While competition from Bric markets will lead to lower sales figures, the emphasis on quality and R&D will only leave the Swiss pharmaceutical sector stronger
While many people associate Switzerland with products such as cheese, watches, army knives and fine chocolates, a few may not be aware that the medicines to beat their colds, hypertension or nicotine addiction come from the small Alpine country. Switzerland is among the world’s largest producers of drugs, pharmaceuticals and related products, with companies such as Roche and Novartis, both headquartered in the idyllic town of Basel, playing a major role in the global pharmaceutical industry.
The Swiss pharmaceutical industry is highly advanced, reputed for the quality of its production and research, and operates nearly exclusively in the field of specialities. Today, 90 per cent of the Swiss chemical industry’s overall product portfolio is specialties.
The chemical industry has been present in Switzerland for more than 150 years. From the beginning a small domestic market and the lack of chemical raw materials led to a focus on production and the worldwide marketing of specialised chemicals with high added value. Despite the changes that took place over the years, this has continued to be the key to success for the Swiss chemical and pharmaceutical industry.
Speciality products
The Swiss pharma industry manufactures more than 30,000 products, according to a study by Sciencetech, the Swiss association for pharma, chemical and biotech industries. The items include drugs, diagnostics, fine chemicals, vitamins, flavours and fragrances, crop protection agents, speciality chemicals for industrial-technical purposes, as well as pigments, paints and lacquers. The Swiss industry has an outspoken international orientation, demonstrated by the geographical breakdown of its sales. Europe and America each share about 40 per cent of the sales, while Asia takes 23 per cent, leaving Switzerland with a very small domestic market.

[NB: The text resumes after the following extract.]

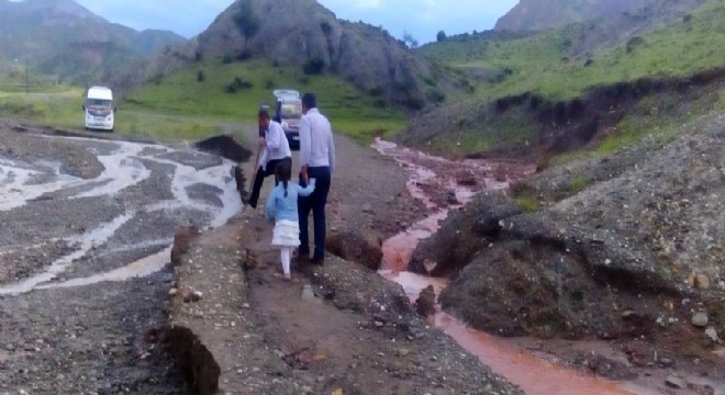 Oltu’ya bağlı Bahçeli kışla mahallesi Çeperli kışla sokakta sel suları yolları tahrip etti, araçlar mahsur kaldı.

The Swiss pharma market also occupies a large segment of the $12 billion (about Dh45 billion) Middle East pharma markets, mostly via production hubs in Turkey and trade hubs in the UAE. According to Murat Yesildere, an Istanbul-based expert at research and consultancy group Egon Zehnder, Turkey is the largest pharma market in the Middle East.
The success of the pharmaceutical industry can be attributed mainly to extensive research and development, employing
close to 12,000 people only in R&D, marketing and sales of
high-value products. Swiss companies have been present on the international markets for decades, both big multinational corporations as well as small and medium-sized enterprises. But this strategy has also left Swiss pharmaceutical products vulnerable to attacks from the generic drug industry. By global standards, the Swiss generic market remains uncompetitive.
More than 70 per cent of generic sales are made by two companies — Mepha and Sandoz, part of the Novartis group. Both are facing stiff competition from US firms and generic drug producers from China and India.
Decline in sales
In 2010, the Swiss pharma market shrank for the first time, with expiring patents on top-selling drugs. State-mandated price declines are responsible for the trend, according to health care consultancy IMS Health. “The expiry of the patents on a number of blockbuster drugs will have a considerable effect on the bottom line of Switzerland’s pharmaceutical industry,” says Odile Rundquist, health care analyst of Geneva-based investment house Helvea.
In January 2012, Novartis announced it would cut 1,960 jobs in the US as it restructures its general medicines business. This will cost the company $160 million this year, but will also result in savings of $450 million as of 2013, Novartis announced in a statement to the Swiss stock exchange.
Competitors’ low prices are also an issue for Swiss pharma giants. According to Thomas Binder, executive director of the Association of Swiss Pharma Companies, there have been 7,000 price cuts since 2006, including 2,900 in 2011. And the trend is likely to continue, which will imply a flat market for the years to come, he says. The appreciation of the Swiss franc over the past two years in the wake of the EU debt crisis has been another risk factor for the industry.
Potential growth
Meanwhile, the European Union and global pharma markets are expected to grow by a respective 2-4 per cent and 4-7 per cent, and the BRIC (Brazil, Russia, India and China) markets by 18-20 per cent, says IMS Health’s latest market study.
Although the Swiss pharmaceutical market will continue to expand, low growth is projected between 2012 and 2017 by UK-based market research company Episcom in its July 2012 report.
Continuing price pressures from greater generic prescribing and general cost-control measures are responsible for the trend. However, the biologic sector is an area of potential growth in Switzerland, says Episcom.